Editor’s note: Versions of this editorial have appeared at earlier holidays.

It was 43 years ago that President Ronald Reagan made the third Monday in January an official federal holiday to honor Martin Luther King Jr.’s Jan. 15 birthday.

With King’s widow Coretta Scott King, then-Vice President George H.W. Bush and then-U.S. Sen. Joe Biden and others standing with him outside the White House, Reagan told those listening and watching that King lived on in our collective nation’s heart.

“In America in the ’50s and ’60s, one of the most important crises we faced was racial discrimination,” he said. “The man whose words and deeds in that crisis stirred our nation to its very depths and soul was Dr. Martin Luther King Jr.

“In a nation that proclaimed liberty and justice for all, too many Black Americans were living with neither.”
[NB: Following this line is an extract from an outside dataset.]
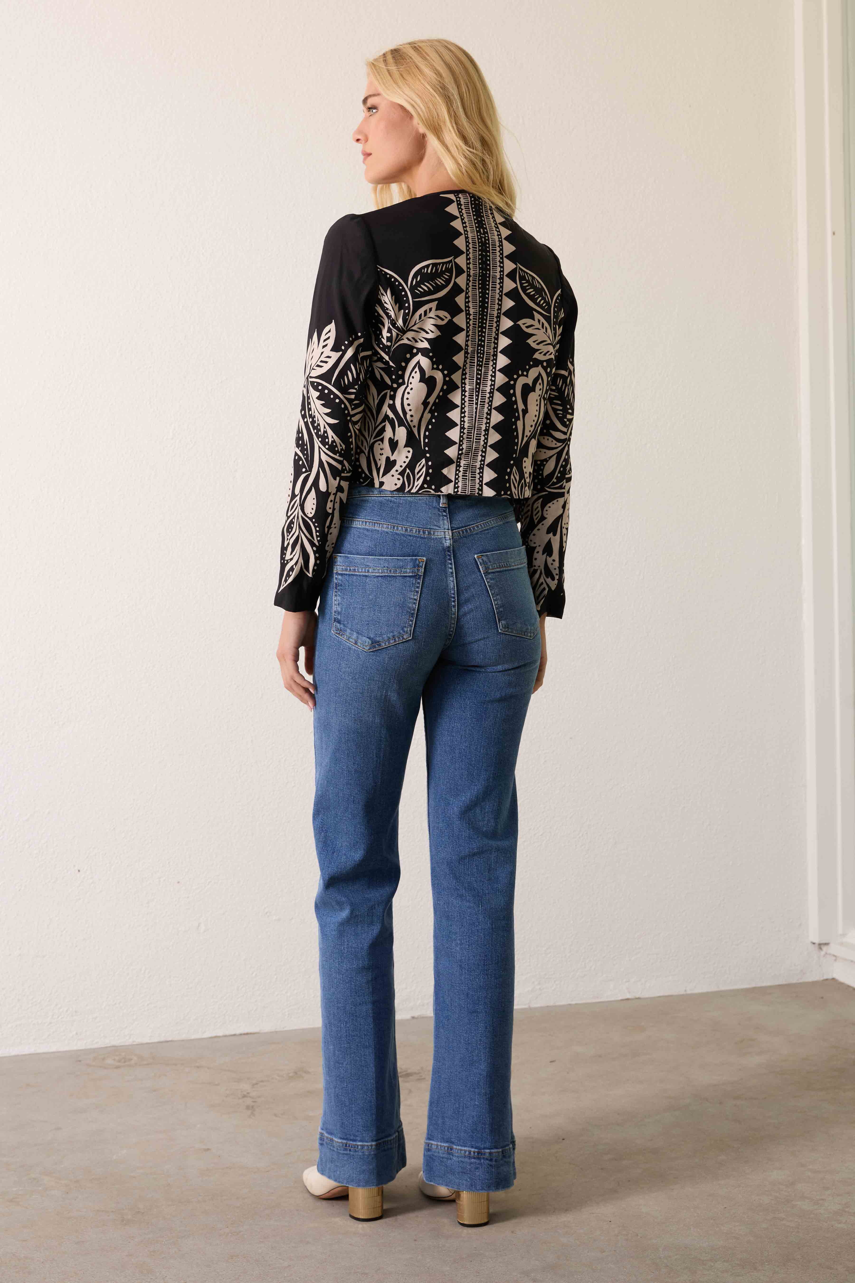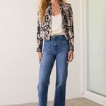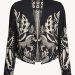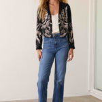 The Ezra Reversible Blazer in our bold Zebra Fern print is the perfect balance of polish and versatility. Featuring a clean, tailored silhouette, this jacket makes a striking statement with its black-and-ivory motif of stylized leaves, ferns, and playful zebras.

Reagan noted that King had lived his life fighting for equality while using nonviolence as a central method for his brand of advocacy and activism.

As effusive as Reagan was when he signed HR 3706, getting to that day was a journey. He had initially opposed creating a federal holiday to recognize King.
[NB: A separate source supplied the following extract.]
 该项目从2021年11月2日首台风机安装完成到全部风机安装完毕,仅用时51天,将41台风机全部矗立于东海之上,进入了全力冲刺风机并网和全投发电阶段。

Throughout his life, King changed, too, although his clear commitment to nonviolence continued throughout his life.

Long before he was assassinated at 39 while fighting for better pay and conditions for Black sanitation workers in Memphis, King’s rise to worldwide prominence began when he entered Morehouse College in Atlanta at just 15 years old. He attended Crozer Theological Seminary and was ordained at 19 before receiving his theology doctorate from Boston University.
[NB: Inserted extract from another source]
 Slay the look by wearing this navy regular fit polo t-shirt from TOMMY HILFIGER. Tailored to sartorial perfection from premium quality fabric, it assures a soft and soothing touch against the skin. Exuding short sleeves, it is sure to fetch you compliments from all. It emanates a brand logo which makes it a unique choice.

King’s reputation as an orator, scholar, theologian and activist committed to improving lives at the grassroots level grew as he moved with his wife from Montgomery to Atlanta. His civil rights work with the Southern Christian Leadership Conference took him from community to community, focusing on local issues with national implications.

King had a number of Louisiana connections. In 1957, he and others were at the New Zion Baptist Church in New Orleans when they founded the Southern Christian Leadership Conference. The Louisiana Conference of The United Methodist Church is fond of pointing out that King attended vespers at Southern University. It should be noted that the famous Montgomery bus boycott was modeled after a 1953 Baton Rouge bus boycott.

Democracy should include all of us. And yes, sometimes that can mean argument and protest. Too often today, we see leaders who seek only to inflame, yet constant provocation will never forge the kind of movement that can truly change a nation. That’s why someone like King will long be revered. We may not appreciate the agitation at the time, but years later, we can see how King was able to take the energy of a people hungry for justice and hone it into an instrument to achieve positive, lasting change.